Agents keep being handed a browser designed for a person.
The web an agent sees through a naive fetch is a different web from the
one a person sees through Chrome. JavaScript-heavy pages return empty
shells; search engines return HTML meant for a human's eye; video
platforms return player chrome and nothing else. The workaround, in most
agent codebases, is a small pile of bespoke scrapers that each fail in
their own interesting way.
I wanted one surface. A single CLI an agent could reach for whenever it needed to know something about the outside world — and a single JSON shape coming back, regardless of whether the answer was found in a search result, a rendered page, or a video transcript.
The goal was not to build a better browser. It was to stop asking agents to pretend they were people.
A handful of verbs, markdown by default, three providers behind the curtain.
Zurf exposes a small vocabulary — search, fetch, browse, ask,
transcribe — and hides the provider choice behind each.
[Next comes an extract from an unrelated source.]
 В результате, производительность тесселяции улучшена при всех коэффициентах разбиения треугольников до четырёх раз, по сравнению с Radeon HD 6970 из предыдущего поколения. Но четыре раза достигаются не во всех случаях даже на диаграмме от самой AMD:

The default
output is markdown, because markdown is what a language model reads
cheaply; --json is there when an agent wants to consume the result
programmatically.
- Search returns URLs, titles, and snippets in a normalized list, with
quickanddeepmodes mapped onto Perplexity's Sonar tiers. - Fetch is the lightweight path for static pages — capped at a megabyte, no browser, no rendering tax.
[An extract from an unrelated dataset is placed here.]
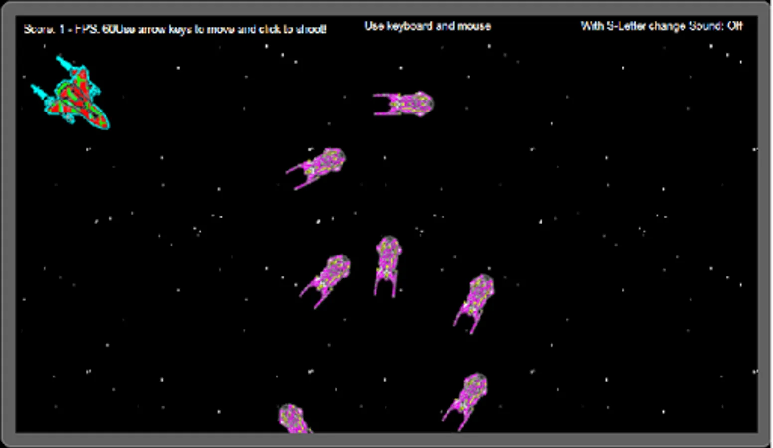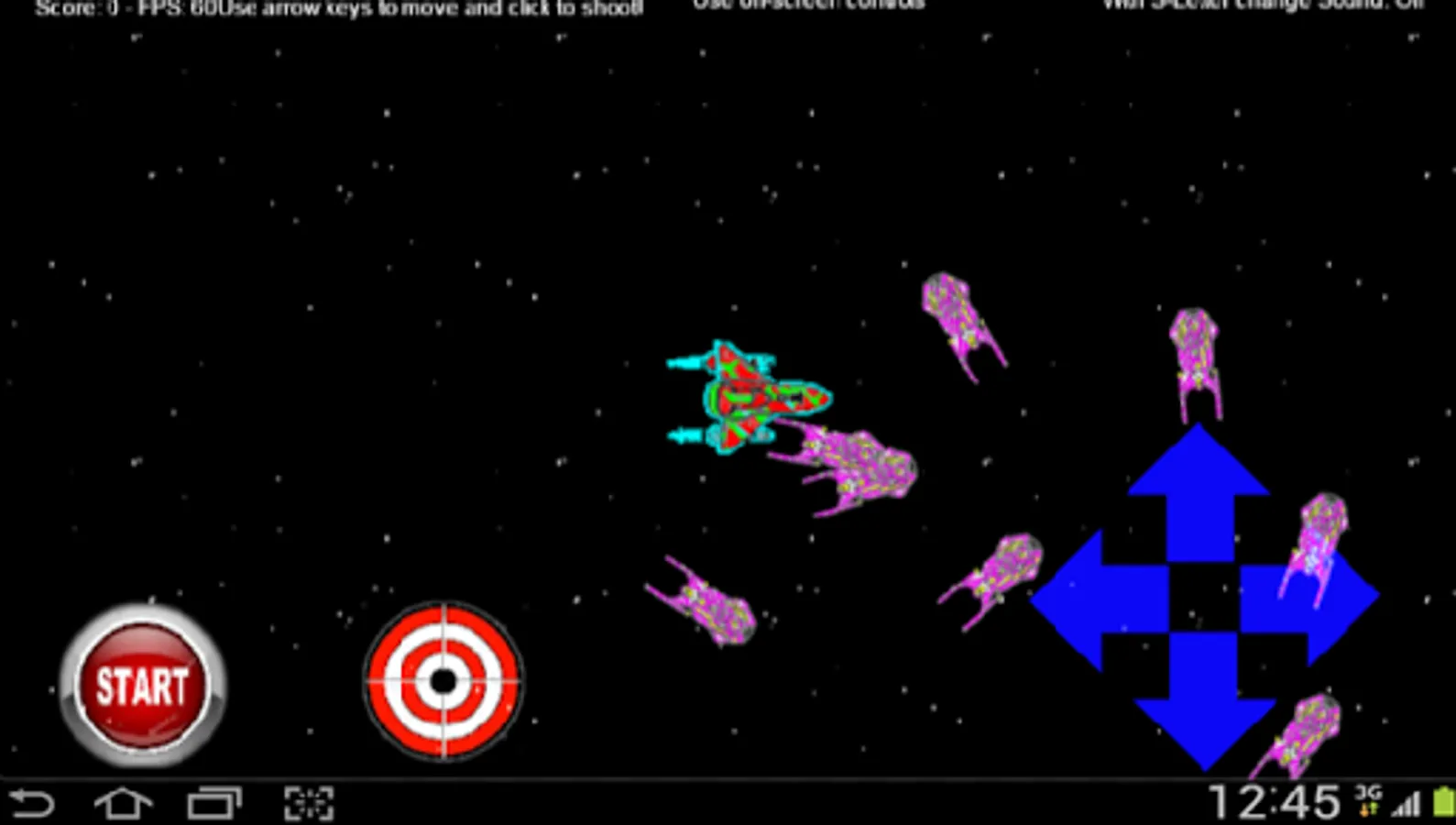 Game works with touch screen or keyboards. With s-key you get fighting, laser and explosion voice away.

- Browse is the heavy path, renders JavaScript-heavy pages through a Browserbase session, and flattens the result.
- Ask routes through Sonar for questions that want citations rather than raw pages.
- Transcribe pulls transcripts from YouTube, TikTok, Instagram, X, and Facebook through Supadata — native captions first, AI fallback second.
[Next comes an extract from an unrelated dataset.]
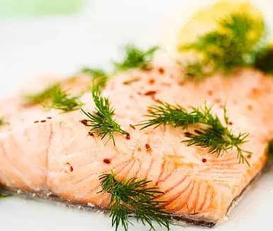 Lax med örtgrönt täcke

A small skill layer teaches coding agents how to use the commands progressively, so an agent does not have to hold the full CLI surface in its context to do useful work. The hardest part was not the integrations; it was deciding what not to ship — resisting every provider flag and every optional header. The useful surface turned out to be small.
A tool I reach for before I reach for curl.
Zurf is now the first thing the agents I work with use when they need to touch the web. The uniformity of the output means the prompt that handles a search result handles a rendered page handles a video transcript — the agent stops caring where the text came from and starts caring what it says.
The side effect I did not expect was on my own workflow. Having a single command for read the web turned out to be useful for humans too, and a non-trivial amount of my own research now goes through it.
The right abstraction is the boring one.
The first drafts of Zurf tried to be clever — a unified query command that guessed whether the user wanted search, a page, or an answer. It was a bad idea dressed as a good one. Agents do better with verbs they can choose deliberately than with a single magic endpoint that sometimes does the wrong thing for reasons they cannot inspect.
The second lesson was about output. Returning markdown for browse felt
unambitious next to returning a structured DOM; in practice, markdown is
what the model wants, and the structured alternatives were a cost the
agent paid for no benefit. Meet the consumer where it lives.
Still adding providers. Still cutting flags.